EXERCISE: Go to the line holding "Слайд 264. ХАРАКТЕРИСТИКА" in the data below. Return it and each line after it through the last, exactly, and skip the pictures.

INFORMATION SHOWN:
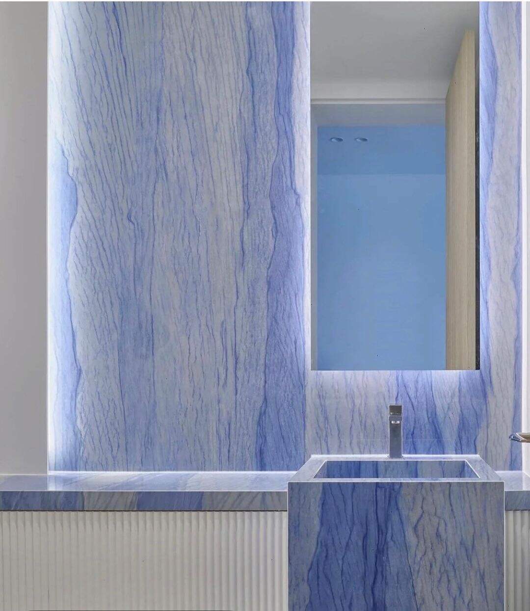 Blaty kuchenne i wyspy kuchenne: Jako blat kuchenny lub wyspa kuchenna dodaje odważny charakter luksusowym kuchniom. Intensywny odcień niebieski tworzy efektowny kontrast z jasnym drewnem mebli kuchennych lub białymi płytkami na ścianie, a jego trwałość pozwala bez problemu radzić sobie z gorącymi garnkami, krojeniem i wylewaniem – sprawiając, że stanowi zarówno funkcjonalną powierzchnię roboczą, jak i wizualny punkt centralny. Meble łazienkowe i panele ścienne: W nowoczesnych łazienkach podnosi meble łazienkowe do poziomu elegancji typowej dla spa, zamieniając codzienne rytuały w luksusowe doświadczenie. Jako panele ścienne (szczególnie w prysznicach) odporność na wilgoć i łatwa konserwacja czynią go praktycznym rozwiązaniem, podczas gdy estetyka przekształca wnętrze w spokojne schronienie. Ściany wykończone i lady recepcyjne: W hotelach, biurach czy prywatnych willach doskonale sprawdza się jako ściana wykończeniowa lub ladę recepcyjną. Ściana wykończeniowa Azul Macaubas w holu hotelowym przywita gości grandioznością, podczas gdy ladę pokrytą tym kamieniem przekazuje profesjonalizm i luksus, pozostawiając trwałe pierwsze wrażenie. Podłogi i schody: Jego trwałość czyni go odpowiednim do podłóg i schodów w miejscach o dużym natężeniu użytkowania – czy to w wejściach rezydencjonalnych, korytarzach handlowych, czy strefach jadalnych restauracji. Gładka powierzchnia kamienia oraz intensywny kolor nadają elegancję każdemu krokowi, podczas gdy jego wytrzymałość gwarantuje odporność na lata użytkowania. Meble na zamówienie i projekty z podświetleniem: Idealny do artystycznych instalacji i indywidualnie projektowanych wnętrz: stolarka na zamówienie (stoły jadalniane, stoliki do salonu) staje się tematem rozmów, podczas gdy projekty z podświetleniem (np. akcentujące ściany lub dekoracyjne panele) wzmacniają subtelne prześwitowanie kamienia, rzutując miękkie niebieskie światło, które dodaje ciepła i przytulności każdemu pomieszczeniu.
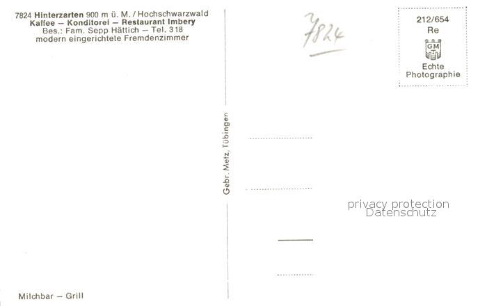 42957427 Hinterzarten Breisgau-Hochschwarzwald BW Kaffee Restaurant Imbery postalisch nicht gelaufen Erhaltung siehe scans [AndreD76] Andr Katcode 11110008315052
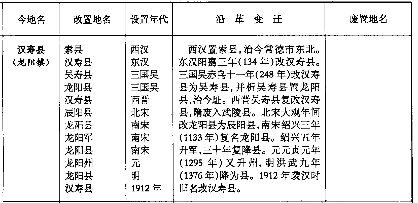 西汉置索县,治今常德市东北。东汉阳嘉三年(134年)改汉寿县。三国吴赤乌十一年(248年)改汉寿县为吴寿县,并析吴寿县置龙阳县,治今址。西晋吴寿县复改汉寿县,隋废入武陵县。北宋大观年间改龙阳县为辰阳县,南宋绍兴三年(1133年)复名龙阳县。绍兴五年升军,三十年复降县。元元贞元年(1295年)又升州,明洪武九年(1376年)降为县。1912年袭汉时旧名改汉寿县。
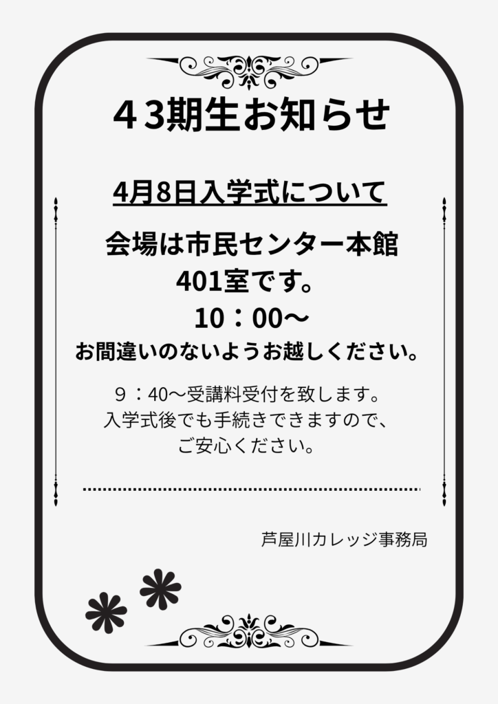 43期カレッジは定員に達したため締め切りました。(3月11日)
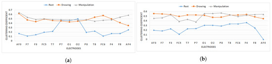 Clustering coefficient of all electrodes for novice and expert users during rest, drawing and manipulation states. (a) User 3 (A representative novice user). (b) User 8 (A representative expert user).
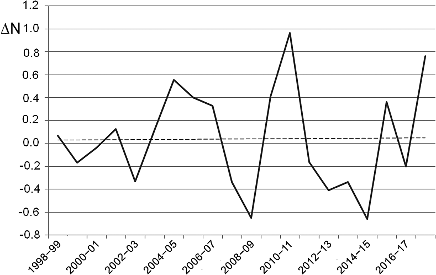 Fig. 3 Rate of yearly change (ΔN) in R. latastei egg clutch numbers at the Site of Community Interest ‘Riserva di Monticchie’ in northern Italy. The dashed line shows the slightly positive overall trend.
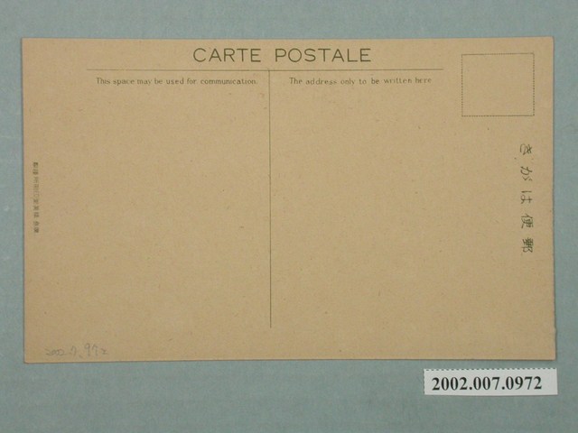 1.本物件為以始政四十周年紀念臺灣博覽會東京館為主題之明信片,其正面為東京館建築黑白照片,畫面中可見斗大的「東京館」字樣,建築方正簡約,入口處上方有遮棚,畫面左側則有一噴泉,遠景可見兩面日本國旗,明信片左上方有「東京館」,右下角有「始政四十周年記念臺灣博覽會」;背面為空白明信片橫式書寫面,以黑色單色印刷,右上方為郵票黏貼處,右側有「郵便はがき」,左側有「廣島精美堂印刷所謹製」,正上方則有「CARTE POSTALE」以及兩行字樣,由左至右為「This space may be used for Communication」、「The Address Only to be Written Here」。2.始政四十年紀念臺灣博覽會為西元1935年10月至11月以臺北為主舉辦的博覽會,分為四個會場,第一會場於臺北公會堂附近,第二會場於今二二八公園,第三會場於迪化街附近,第四會場於陽明山,而各地政府也各自舉辦小規模的展覽和活動。 東京館位於第二會場內,為特設館,分為8個場面,主要為展示東京是境內的各石化工業、紡織業等現代化工業會社之營業狀況,不同於其他日本地方館,並沒有特產的展出與販賣。
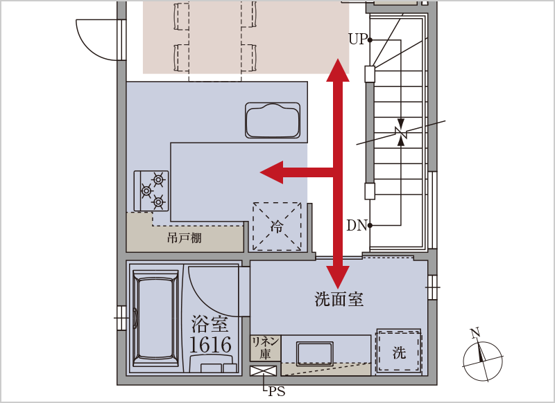 - LDKと水回りを同フロアに配置した家事楽・時短動線をご用意。
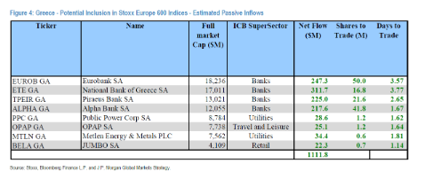 Υπενθυμίζεται εδώ ότι σύμφωνα με την ομάδα Global Markets Strategy της JP Morgan, η ένταξη των ελληνικών μετοχών στους δείκτες STOXX –και ειδικότερα στους STOXX Europe 600 και Euro Stoxx– αναμένεται να ενεργοποιήσει παθητικές εισροές ύψους περίπου 962,7 εκατ. δολαρίων. Πρόκειται για κεφάλαια που κινούνται μηχανικά, βάσει κανόνων δεικτών, ανεξάρτητα από επενδυτικό sentiment ή διακριτικές αποφάσεις.
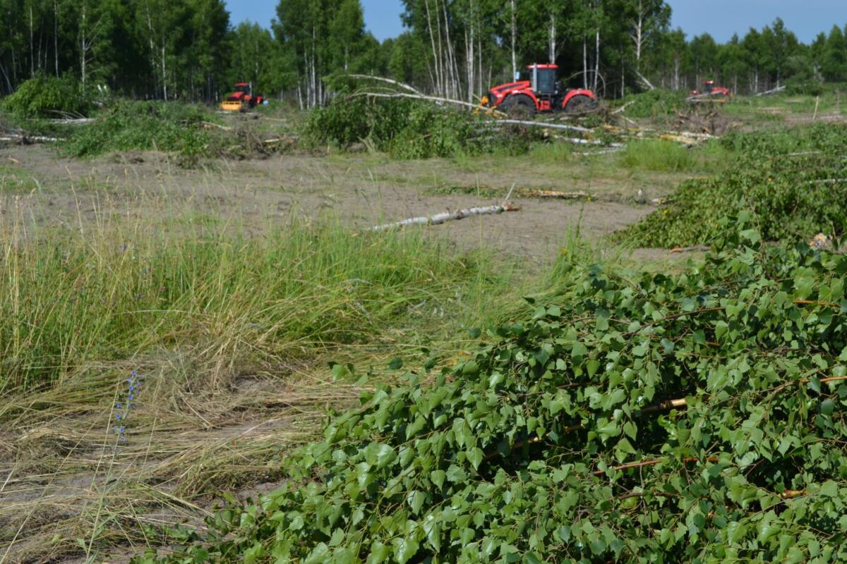 После освобождения полей от древесной растительности, планируется проведение боронования земельных массивов в два следа».
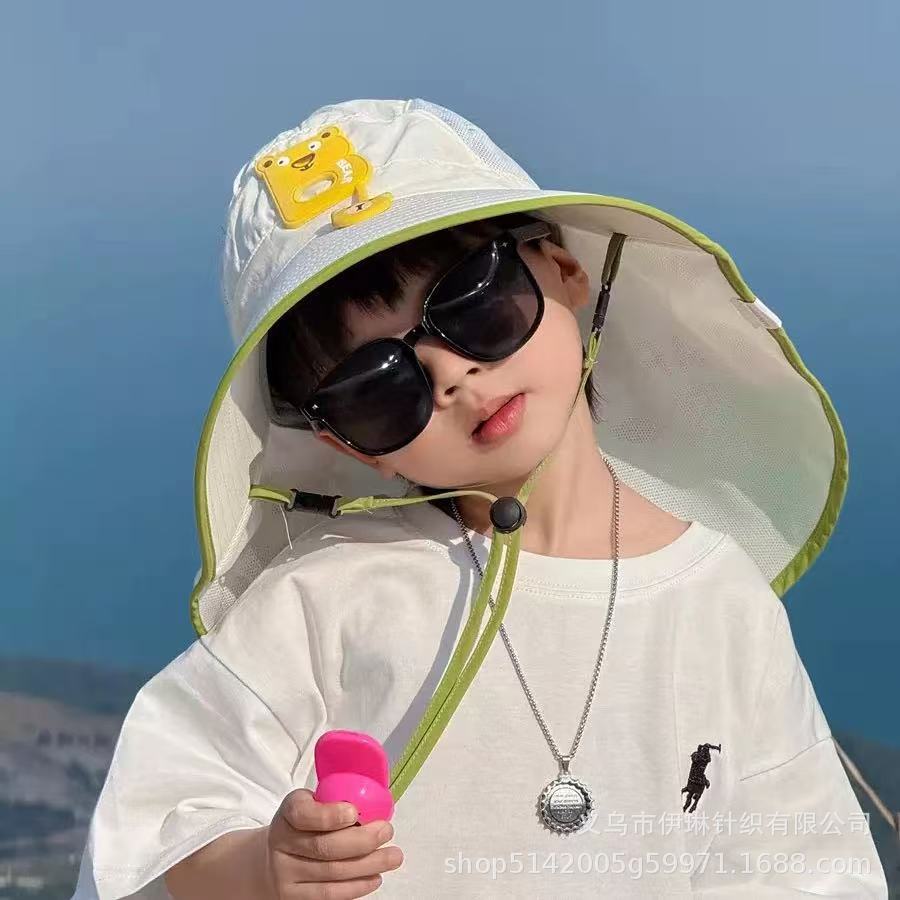 어린이용 챙이 큰 자외선 차단 모자, 여름용 아기 모자, 남아 및 여아용 양산, 어부 모자, 태양 모자, 숄 모자
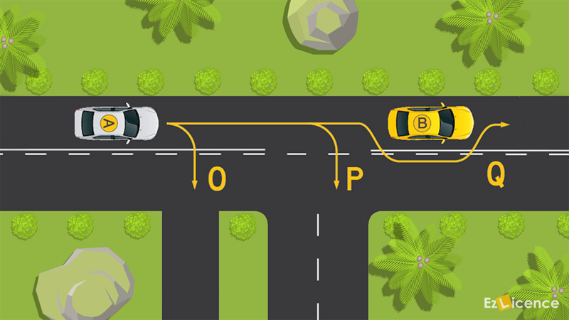 - Which movements shown in the diagram can legally be made by the driver of the car marked "A"? -> 43% incorrect response rate
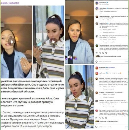 Смешно, казалось бы. Но вот Боня, 13 млн (!) подписчиков "Путина все боятся, до него не доводят правду" и т.п. Под миллион реакций, более 50.000 комментариев. И Айза, 4+ млн подписчиков с тем же посылом "Мы устали бояться, Путина боятся, Путину врут" и т.п.
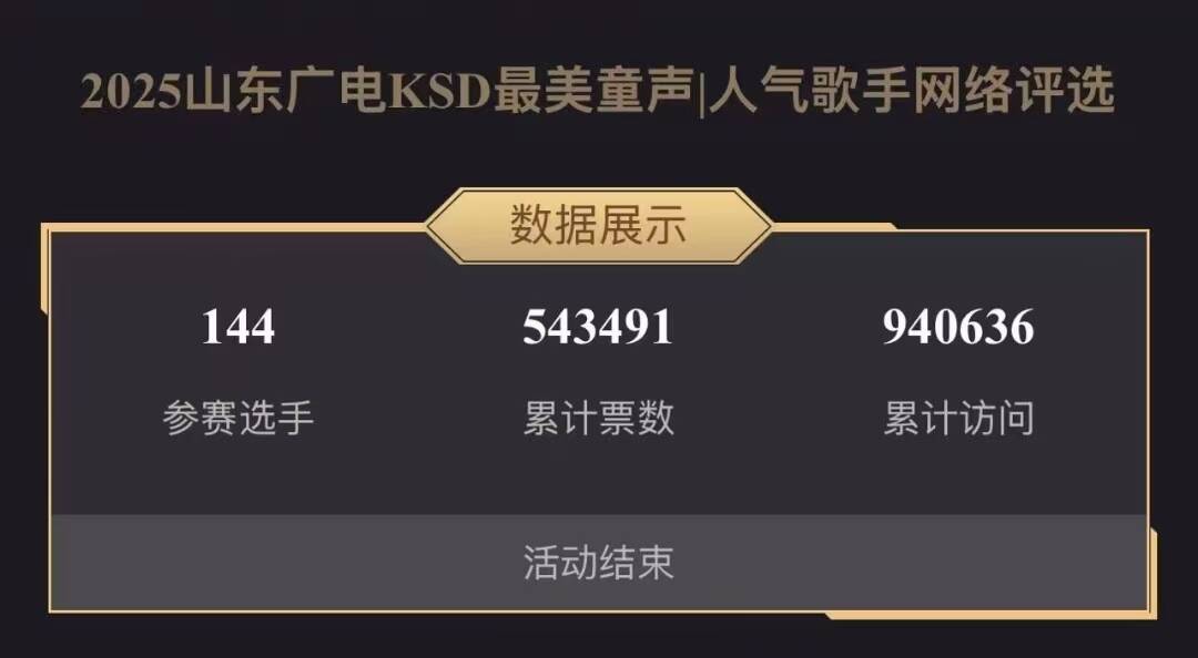 决赛期间,面向进入《2025山东广电KSD最美童声全球青少年歌手大赛》决赛的选手开展网络歌手评选活动,依托其公益属性与参与互动性,获得了社会各界的广泛关注与踊跃参与。为期五天的线上投票环节,活动累计实现94万次访问量,收获54万张有效投票,整体参与情况充分体现出山东广电KSD品牌赛事的广泛影响力。
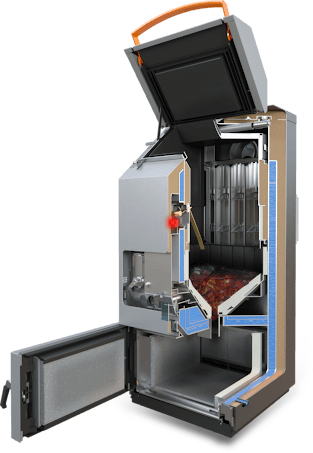 Přiložení - po přiložení paliva v celém objemu přikládací komory je doba hoření až 8 hodin v závislosti na typu paliva a zvoleném výkonu kotle.
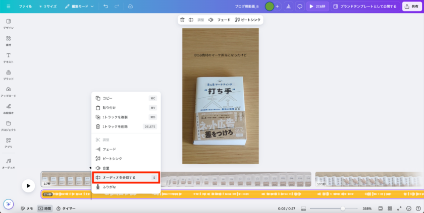 4、2と同様に、オーディオにマウスを合わせて、右クリックをして「オーディオを分割する」を選択
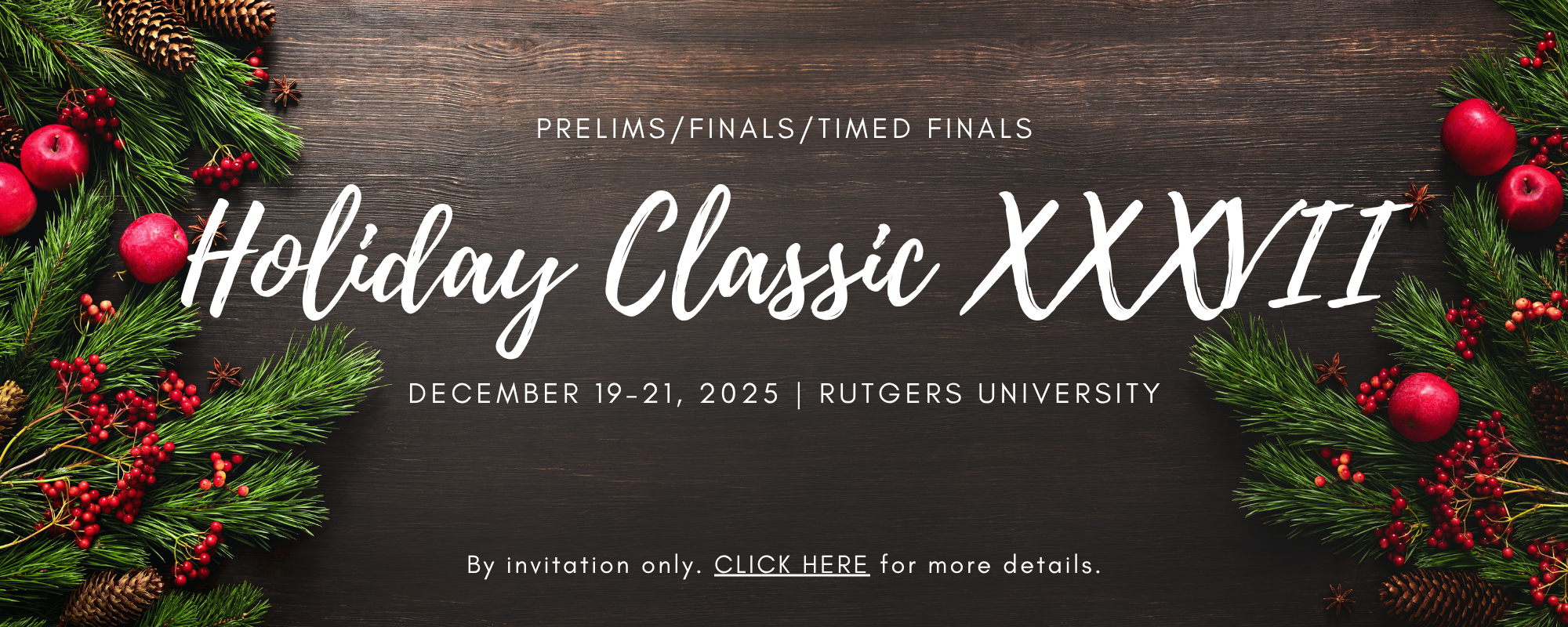 The EEX Holiday Classic will be held on December 19-21, 2025 @ the Sonny Werblin Recreation Center @ Rutgers University. Qualifying times are required. The meet is invitation only and swimmers must have an active USA Swimming membership to compete. CLICK HERE for more details.
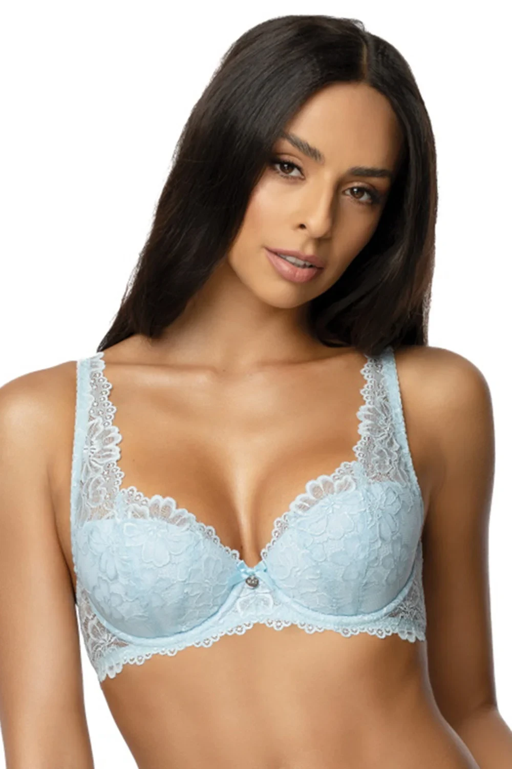 Podprsenka značky Mat, model 053/22 Carmela. Má drátky, které podpírají prsa a vhodně je tvarují. Výrobek má nastavitelná ramínka bez možnosti jejich odepnutí. Podprsenka se zapíná na háčky. Místo zapínání: na zádech. 2 řady svislých výšivek. 3 stupně vodorovných výšivek. Výrobek je vyroben ze 44 % polyamidu, 17 % bavlny, 17 % polyesteru, 17 % polyuretanu, 5 % elastanu. Vlastnosti výrobku: krajkový ženský krásný elegantní.
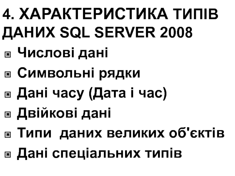 Слайд 264. ХАРАКТЕРИСТИКА ТИПІВ ДАНИХ SQL SERVER 2008
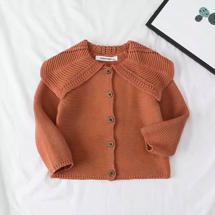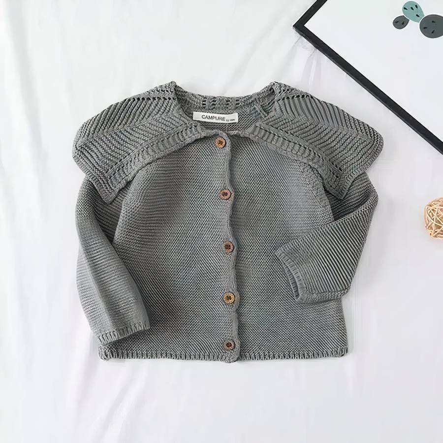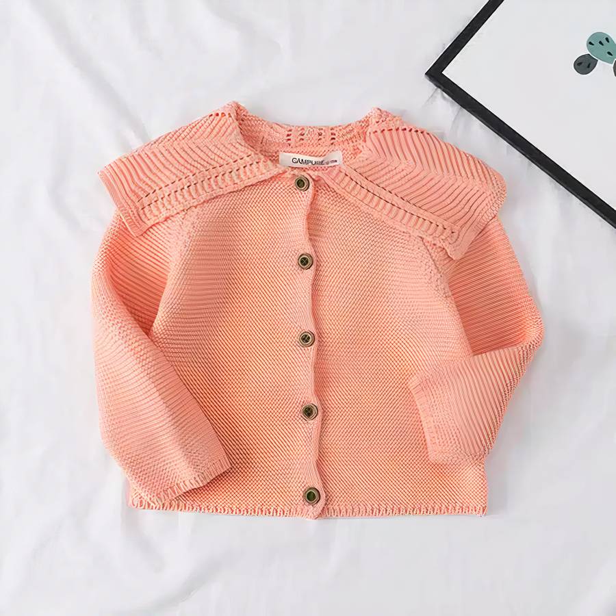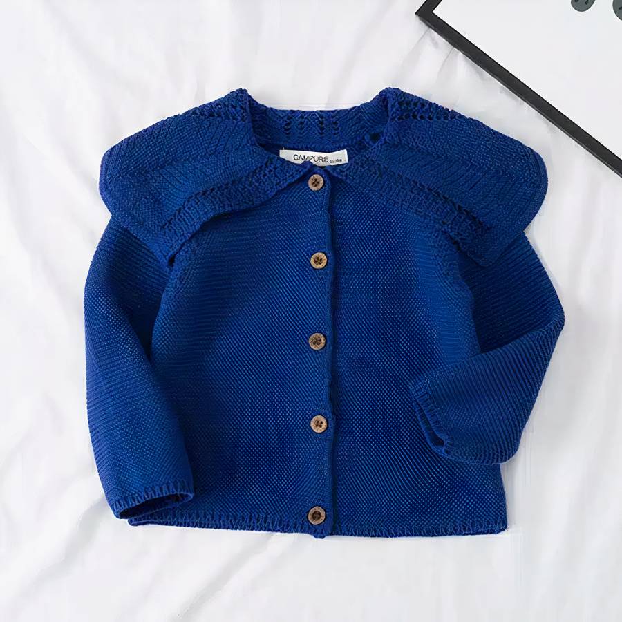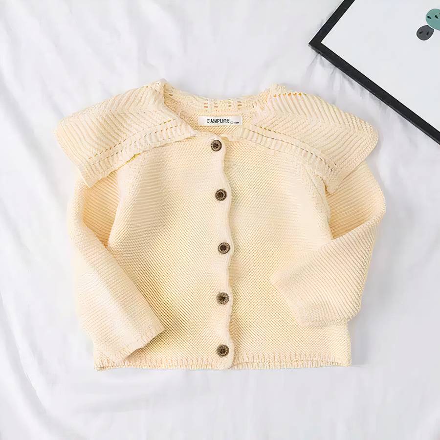 Découvrez le "Cardigan tricoté pour bébé avec col à pétales", un vêtement élégant et confortable conçu pour sublimer le style de votre petite fille.

EXERCISE OUTPUT:
 Слайд 264. ХАРАКТЕРИСТИКА ТИПІВ ДАНИХ SQL SERVER 2008
 Découvrez le "Cardigan tricoté pour bébé avec col à pétales", un vêtement élégant et confortable conçu pour sublimer le style de votre petite fille.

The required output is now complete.